##### GIVEN DATA #####

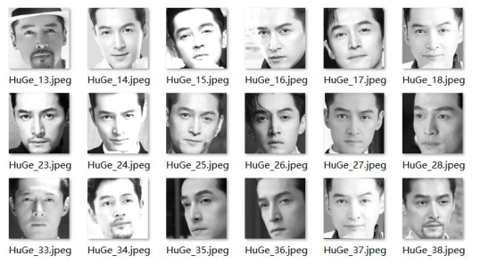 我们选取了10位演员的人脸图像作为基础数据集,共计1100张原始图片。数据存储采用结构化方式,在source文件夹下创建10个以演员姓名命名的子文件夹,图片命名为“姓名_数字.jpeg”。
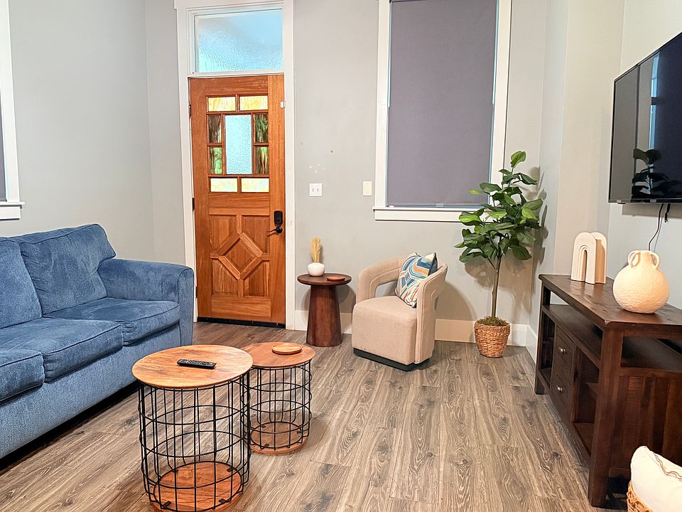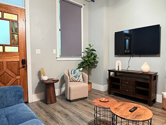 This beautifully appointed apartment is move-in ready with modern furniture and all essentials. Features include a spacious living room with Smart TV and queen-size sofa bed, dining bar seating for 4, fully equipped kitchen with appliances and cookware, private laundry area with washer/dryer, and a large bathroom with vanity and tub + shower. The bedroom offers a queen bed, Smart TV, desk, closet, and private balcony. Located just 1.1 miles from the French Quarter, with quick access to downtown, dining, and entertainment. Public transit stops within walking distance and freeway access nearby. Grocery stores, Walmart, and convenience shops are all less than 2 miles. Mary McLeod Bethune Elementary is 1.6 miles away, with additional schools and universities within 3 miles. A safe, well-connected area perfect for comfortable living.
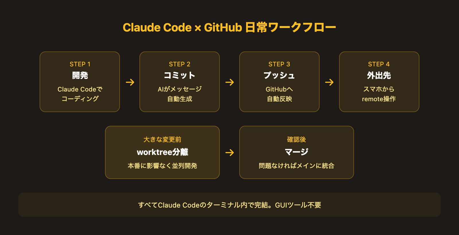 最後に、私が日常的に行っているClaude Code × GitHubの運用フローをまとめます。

#####

§ **AIM OF THE EXERCISE**: Reproduce the data word for word; no pictures.

§ **OUTPUT OF THE TASK**:
 我们选取了10位演员的人脸图像作为基础数据集,共计1100张原始图片。数据存储采用结构化方式,在source文件夹下创建10个以演员姓名命名的子文件夹,图片命名为“姓名_数字.jpeg”。
 This beautifully appointed apartment is move-in ready with modern furniture and all essentials. Features include a spacious living room with Smart TV and queen-size sofa bed, dining bar seating for 4, fully equipped kitchen with appliances and cookware, private laundry area with washer/dryer, and a large bathroom with vanity and tub + shower. The bedroom offers a queen bed, Smart TV, desk, closet, and private balcony. Located just 1.1 miles from the French Quarter, with quick access to downtown, dining, and entertainment. Public transit stops within walking distance and freeway access nearby. Grocery stores, Walmart, and convenience shops are all less than 2 miles. Mary McLeod Bethune Elementary is 1.6 miles away, with additional schools and universities within 3 miles. A safe, well-connected area perfect for comfortable living.
 最後に、私が日常的に行っているClaude Code × GitHubの運用フローをまとめます。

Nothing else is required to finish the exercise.